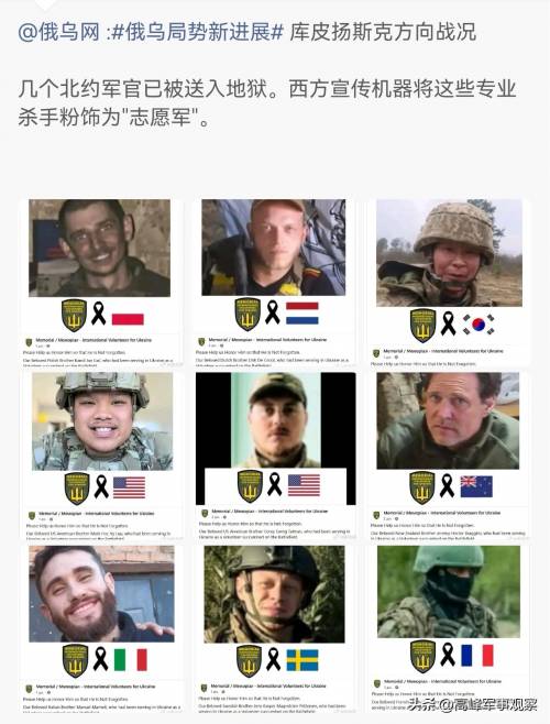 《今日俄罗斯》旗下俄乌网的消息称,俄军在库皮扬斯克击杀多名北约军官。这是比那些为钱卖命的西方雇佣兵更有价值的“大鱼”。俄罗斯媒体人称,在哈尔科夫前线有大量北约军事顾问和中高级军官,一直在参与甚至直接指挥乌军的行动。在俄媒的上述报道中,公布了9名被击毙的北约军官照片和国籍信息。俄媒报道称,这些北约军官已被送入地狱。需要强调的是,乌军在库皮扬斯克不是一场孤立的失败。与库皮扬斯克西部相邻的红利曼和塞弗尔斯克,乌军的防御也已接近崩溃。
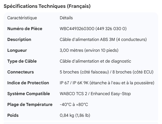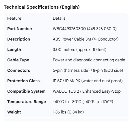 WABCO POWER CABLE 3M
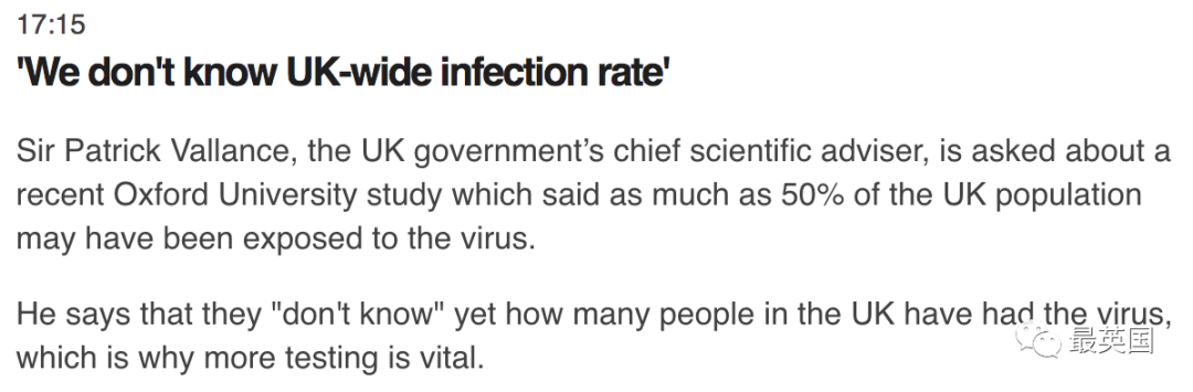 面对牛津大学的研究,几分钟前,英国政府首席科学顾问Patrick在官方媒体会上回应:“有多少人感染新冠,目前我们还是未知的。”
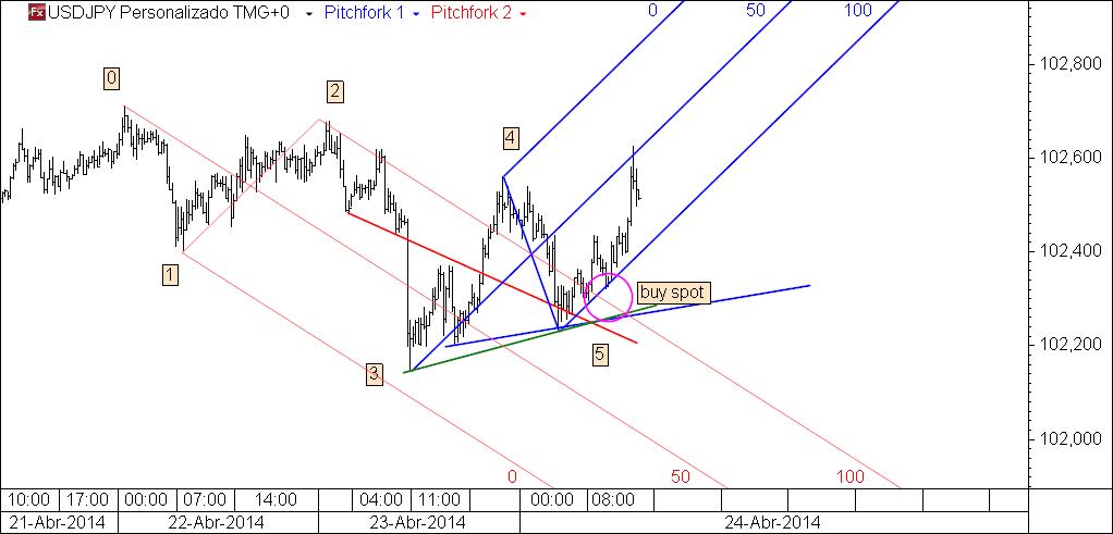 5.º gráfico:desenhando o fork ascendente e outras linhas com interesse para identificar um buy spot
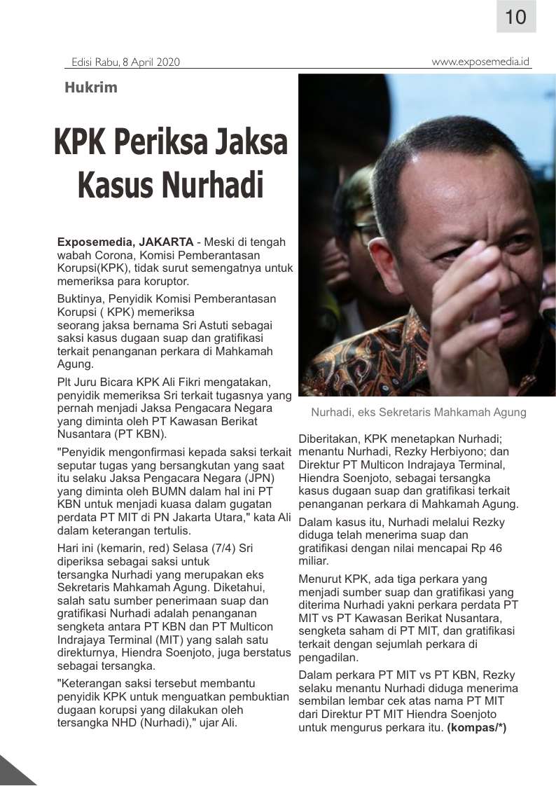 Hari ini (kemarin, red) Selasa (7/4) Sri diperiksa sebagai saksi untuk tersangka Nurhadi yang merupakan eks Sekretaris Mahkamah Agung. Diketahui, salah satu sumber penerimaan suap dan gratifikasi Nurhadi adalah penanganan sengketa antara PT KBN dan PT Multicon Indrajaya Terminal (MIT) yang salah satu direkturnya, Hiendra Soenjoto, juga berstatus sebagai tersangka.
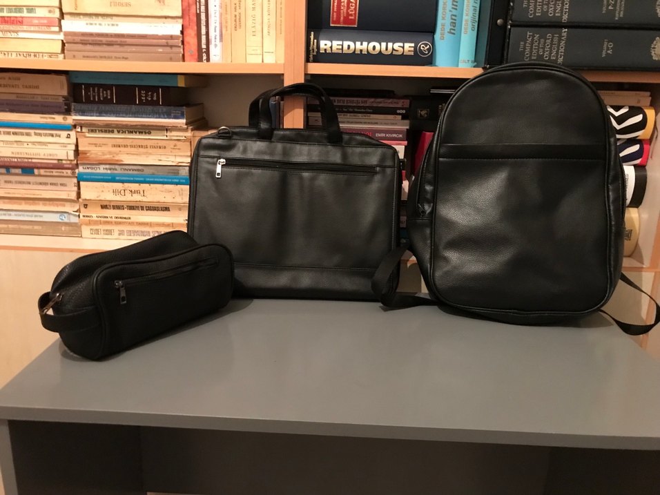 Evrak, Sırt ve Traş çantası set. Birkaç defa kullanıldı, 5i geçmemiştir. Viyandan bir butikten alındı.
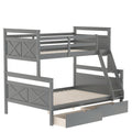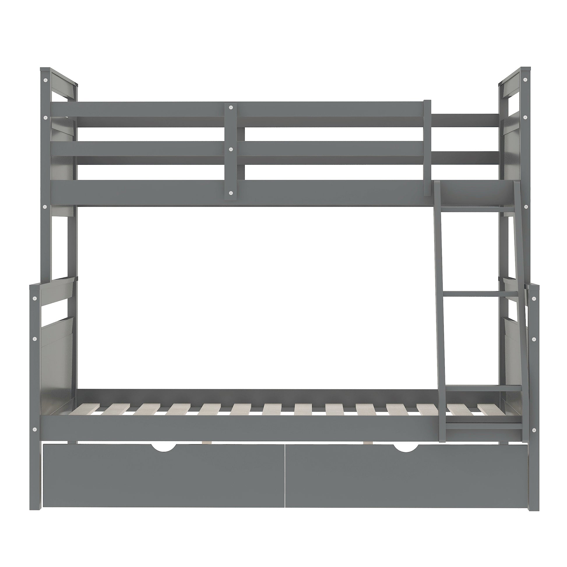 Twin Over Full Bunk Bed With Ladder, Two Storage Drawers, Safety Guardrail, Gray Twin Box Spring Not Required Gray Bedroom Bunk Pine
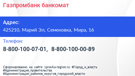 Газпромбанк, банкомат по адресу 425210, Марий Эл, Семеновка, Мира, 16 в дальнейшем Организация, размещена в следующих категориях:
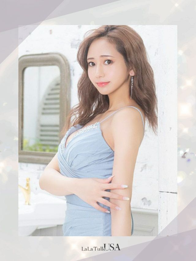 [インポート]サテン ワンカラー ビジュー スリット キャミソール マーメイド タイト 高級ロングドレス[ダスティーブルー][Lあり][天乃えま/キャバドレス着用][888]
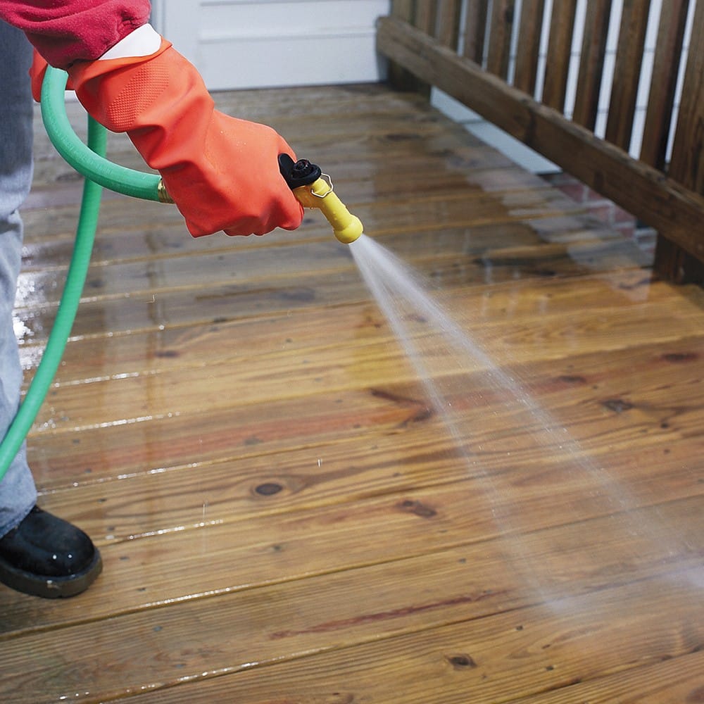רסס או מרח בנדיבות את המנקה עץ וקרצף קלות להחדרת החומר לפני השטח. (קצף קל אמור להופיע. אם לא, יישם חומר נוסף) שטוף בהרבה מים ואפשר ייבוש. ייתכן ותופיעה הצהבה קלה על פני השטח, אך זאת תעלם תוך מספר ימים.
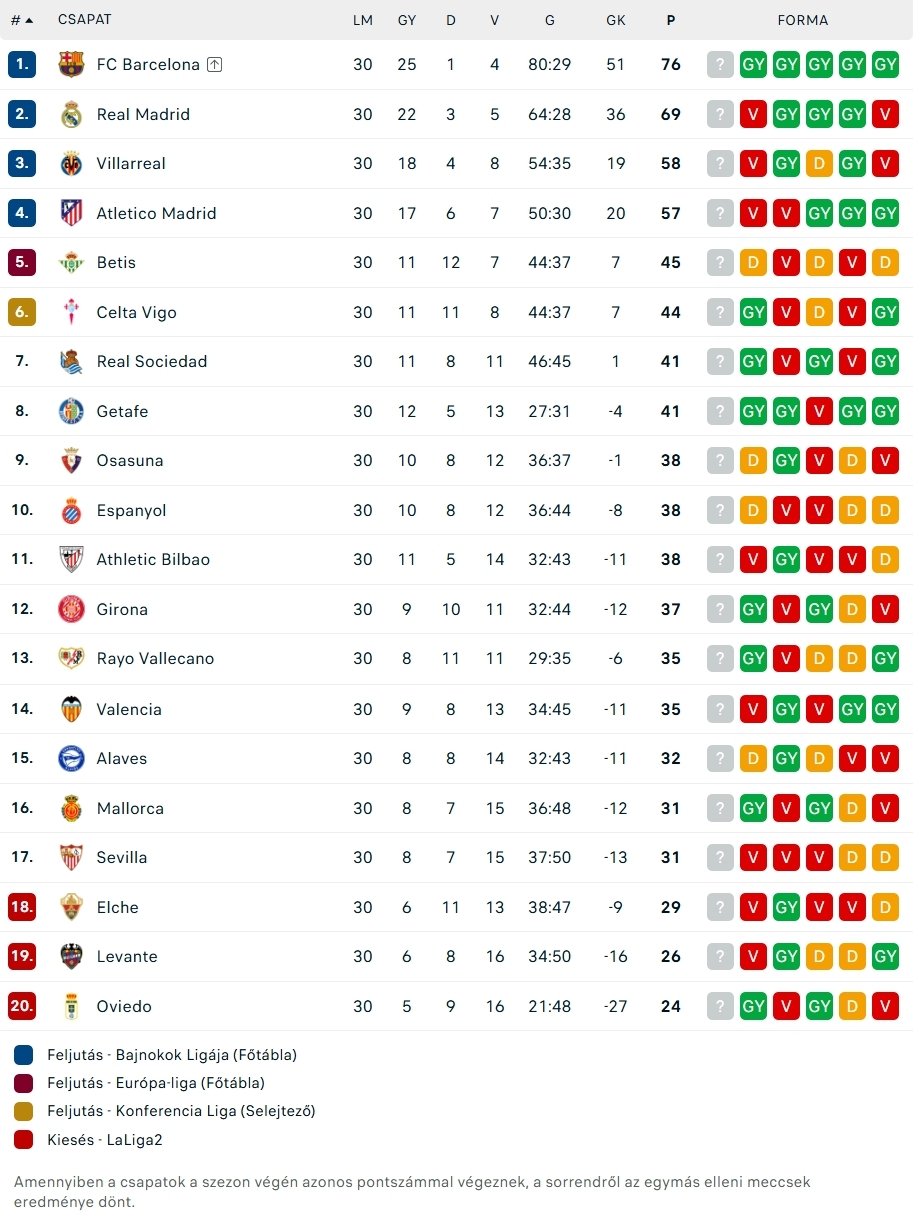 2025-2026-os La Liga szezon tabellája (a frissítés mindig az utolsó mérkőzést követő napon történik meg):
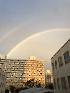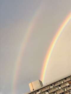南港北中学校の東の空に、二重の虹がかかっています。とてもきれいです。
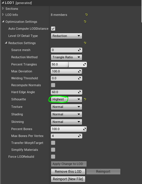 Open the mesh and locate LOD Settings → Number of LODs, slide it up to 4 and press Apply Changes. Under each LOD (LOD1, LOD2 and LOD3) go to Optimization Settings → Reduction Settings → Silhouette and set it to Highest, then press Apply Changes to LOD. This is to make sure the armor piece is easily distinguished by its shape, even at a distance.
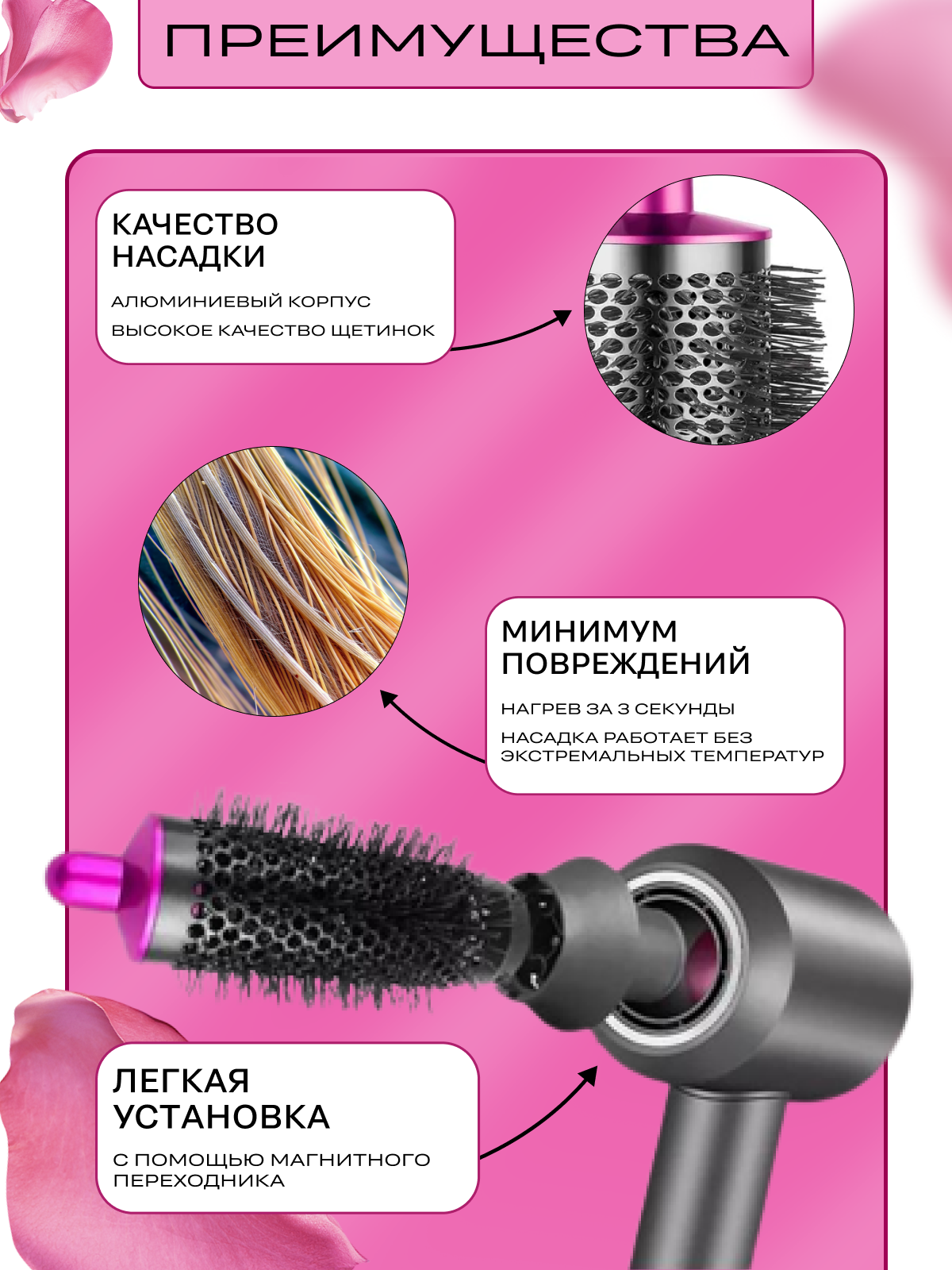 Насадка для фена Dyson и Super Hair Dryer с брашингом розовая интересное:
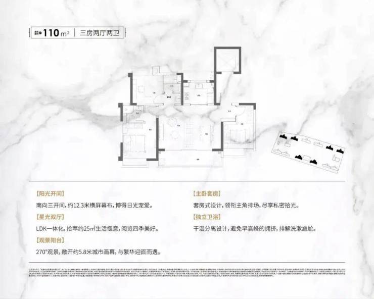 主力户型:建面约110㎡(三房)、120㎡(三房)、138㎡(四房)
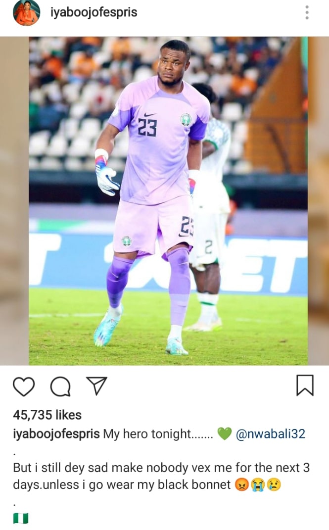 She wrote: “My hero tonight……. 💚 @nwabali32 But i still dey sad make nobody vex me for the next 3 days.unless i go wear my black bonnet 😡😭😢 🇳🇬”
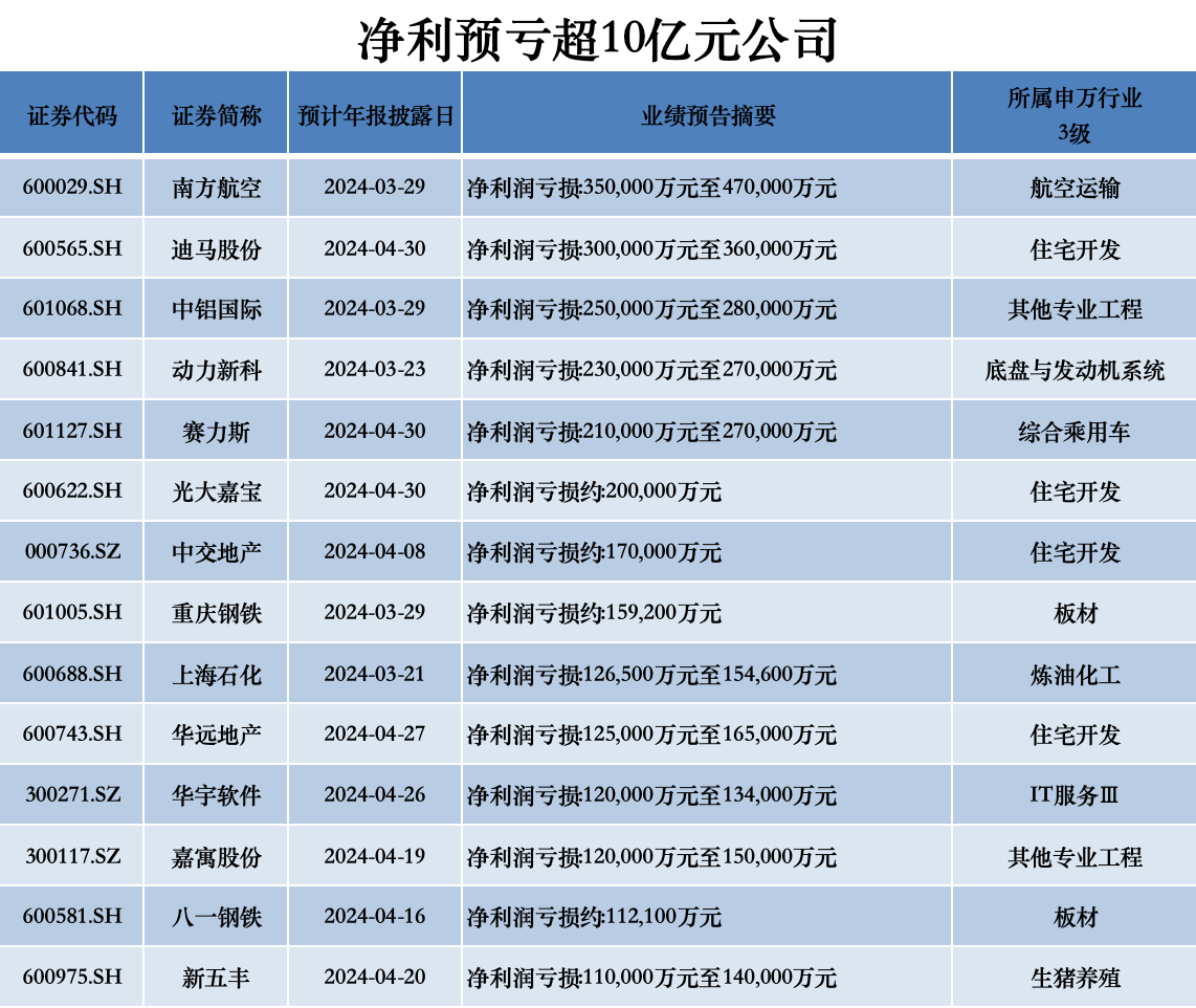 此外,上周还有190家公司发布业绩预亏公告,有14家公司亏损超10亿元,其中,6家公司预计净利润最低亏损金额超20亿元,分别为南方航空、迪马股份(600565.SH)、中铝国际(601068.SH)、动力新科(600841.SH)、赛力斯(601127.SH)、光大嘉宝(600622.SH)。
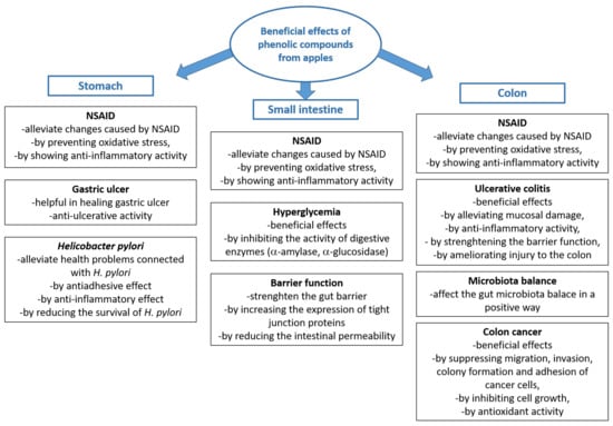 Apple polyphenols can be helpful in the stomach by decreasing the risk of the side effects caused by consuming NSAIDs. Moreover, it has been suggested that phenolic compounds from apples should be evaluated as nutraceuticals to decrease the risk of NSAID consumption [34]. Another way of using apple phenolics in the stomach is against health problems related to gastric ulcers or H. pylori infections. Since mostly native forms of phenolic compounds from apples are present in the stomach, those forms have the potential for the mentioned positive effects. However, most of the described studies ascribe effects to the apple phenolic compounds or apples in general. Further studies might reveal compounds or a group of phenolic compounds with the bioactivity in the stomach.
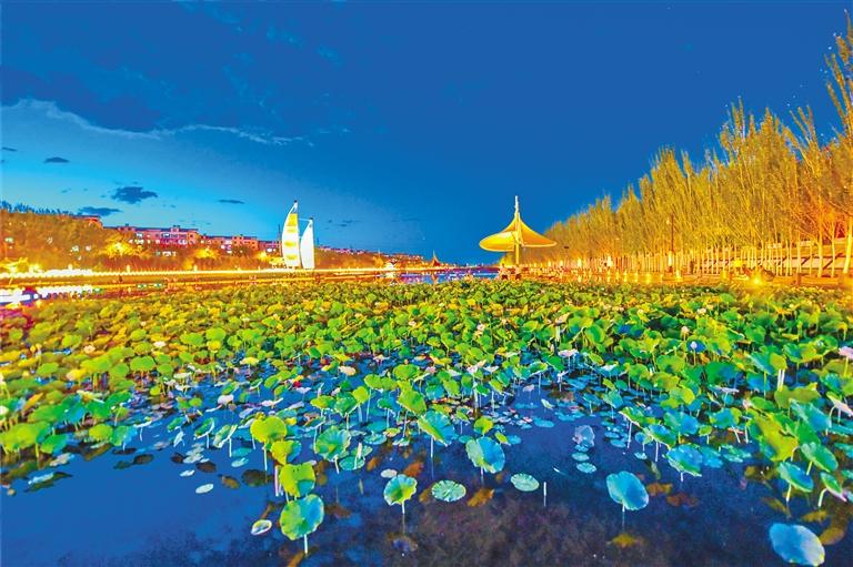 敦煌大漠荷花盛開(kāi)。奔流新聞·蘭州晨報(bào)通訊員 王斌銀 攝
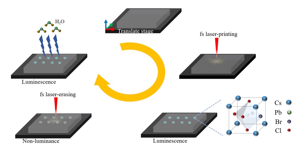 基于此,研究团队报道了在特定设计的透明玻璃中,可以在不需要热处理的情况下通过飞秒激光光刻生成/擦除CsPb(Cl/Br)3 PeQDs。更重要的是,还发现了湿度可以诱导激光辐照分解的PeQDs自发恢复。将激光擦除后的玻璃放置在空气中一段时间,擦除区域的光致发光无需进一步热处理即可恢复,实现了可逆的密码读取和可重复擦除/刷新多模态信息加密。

__________________________________________________

Please return exactly the lines above, from where the listing starts to the line holding "WABCO POWER CABLE 3M", inclusive, with the pictures omitted.

ANSWER BELOW »
 《今日俄罗斯》旗下俄乌网的消息称,俄军在库皮扬斯克击杀多名北约军官。这是比那些为钱卖命的西方雇佣兵更有价值的“大鱼”。俄罗斯媒体人称,在哈尔科夫前线有大量北约军事顾问和中高级军官,一直在参与甚至直接指挥乌军的行动。在俄媒的上述报道中,公布了9名被击毙的北约军官照片和国籍信息。俄媒报道称,这些北约军官已被送入地狱。需要强调的是,乌军在库皮扬斯克不是一场孤立的失败。与库皮扬斯克西部相邻的红利曼和塞弗尔斯克,乌军的防御也已接近崩溃。
 WABCO POWER CABLE 3M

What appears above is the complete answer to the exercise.